6.12 No Presumption Against Drafting Party. This Agreement was negotiated by the parties with the benefit of legal representation and any rule of construction or interpretation otherwise requiring this Agreement to be construed or interpreted against any party shall not apply to any construction or interpretation hereof.
6.13 Counterparts. This Agreement may be executed in several counterparts, all of which shall be deemed an original and all of which shall constitute one and the same instrument and shall become effective when counterparts have been signed by each of the parties hereto and delivered to the other party; it being understood that all parties need not sign the same counterpart.
6.14 No Partnership, Agency or Joint Venture. This Agreement is intended to create, and creates, a contractual relationship and is not intended to create, and does not create, any agency, partnership, joint venture, any like relationship between the parties hereto or a presumption that the parties hereto are in any way acting in concert or as a group with respect to the obligations or the transactions contemplated by this Agreement.
6.15 No Third-Party Beneficiaries. Nothing in this Agreement, express or implied, shall confer upon any Person (other than the parties) any right, benefit or remedy of any nature under or by reason of this Agreement.
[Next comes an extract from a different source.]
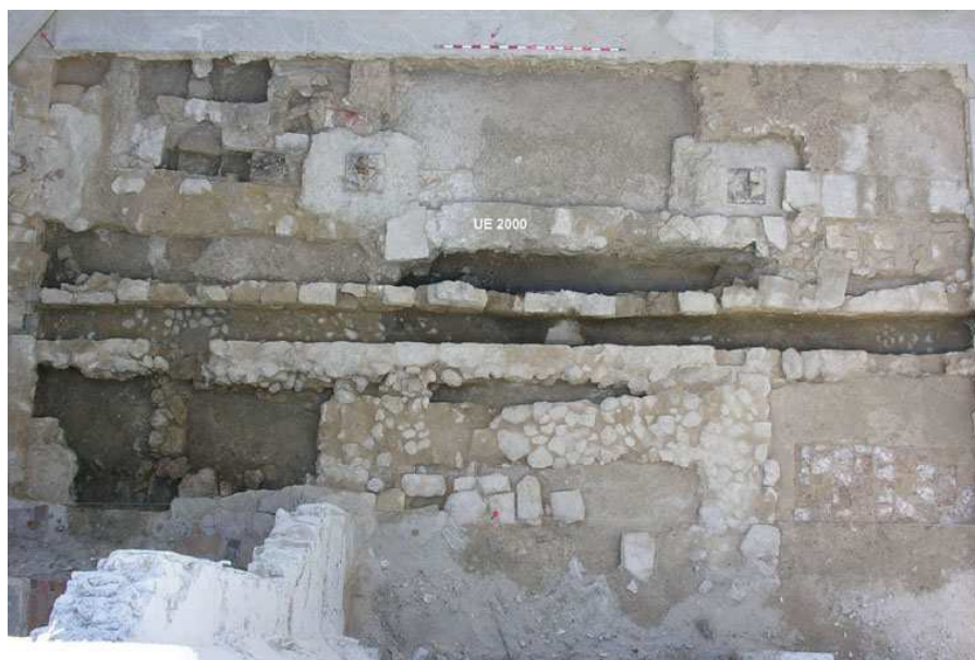
Vista general de la excavación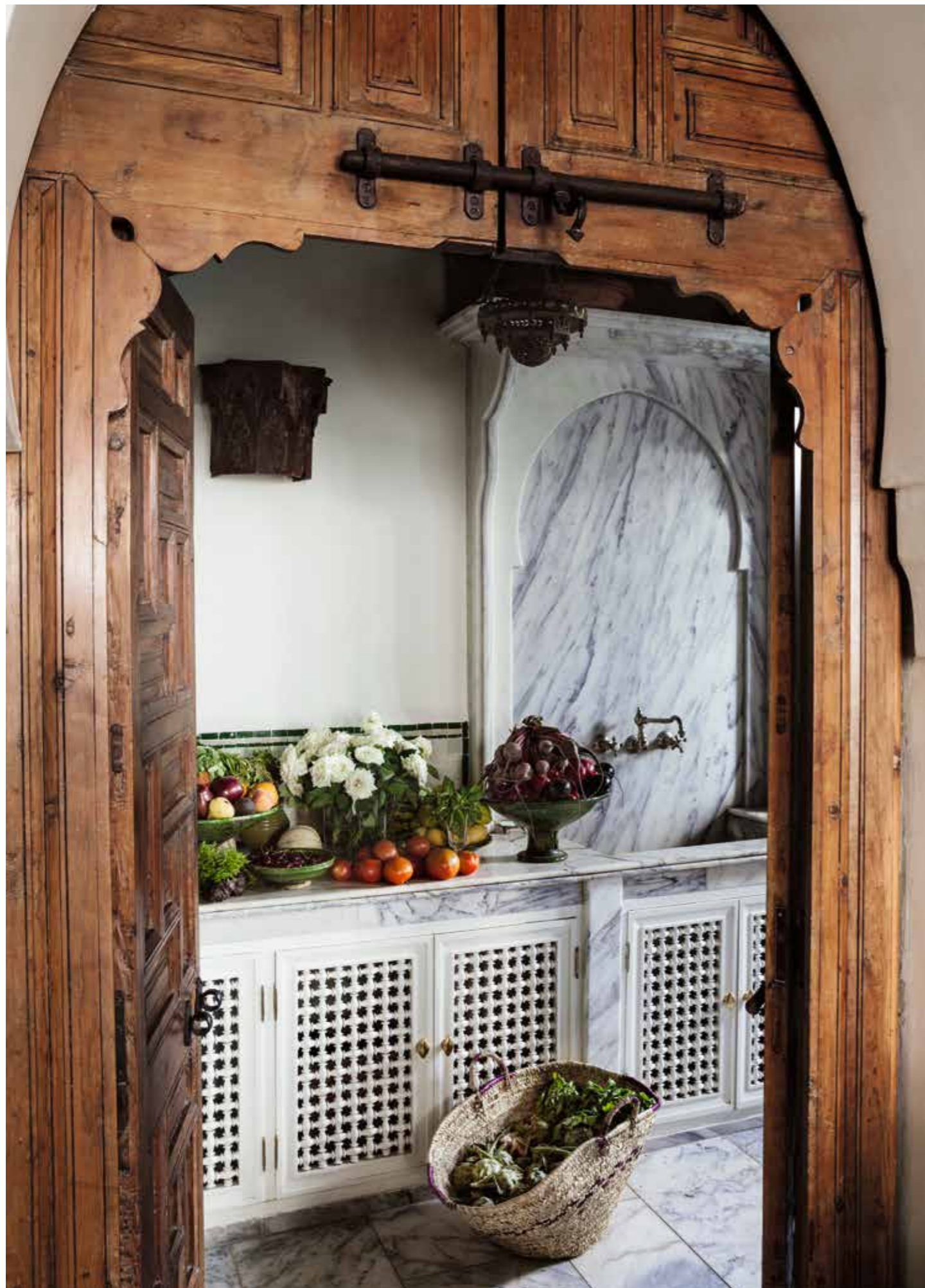
De mooie kastjes in de met marmere geplaveide keuken worden afgesloten met opengewerkte deurtjes ( moucharabihs ).

6.16 Entire Agreement. This Agreement, the Merger Agreement (including any schedules, exhibits and amendments thereto), the A&R Tax Receivable Agreement, the Confidentiality Agreement, the Registration Rights Agreement, the Director Nomination Agreement, the other Company Voting Agreements and Parent Voting Agreements and any other document or instrument referred to herein constitute the entire agreement among the parties and supersede all other prior or contemporaneous agreements and understandings, both written and oral, among or between the parties hereto with respect to the subject matter hereof and thereof.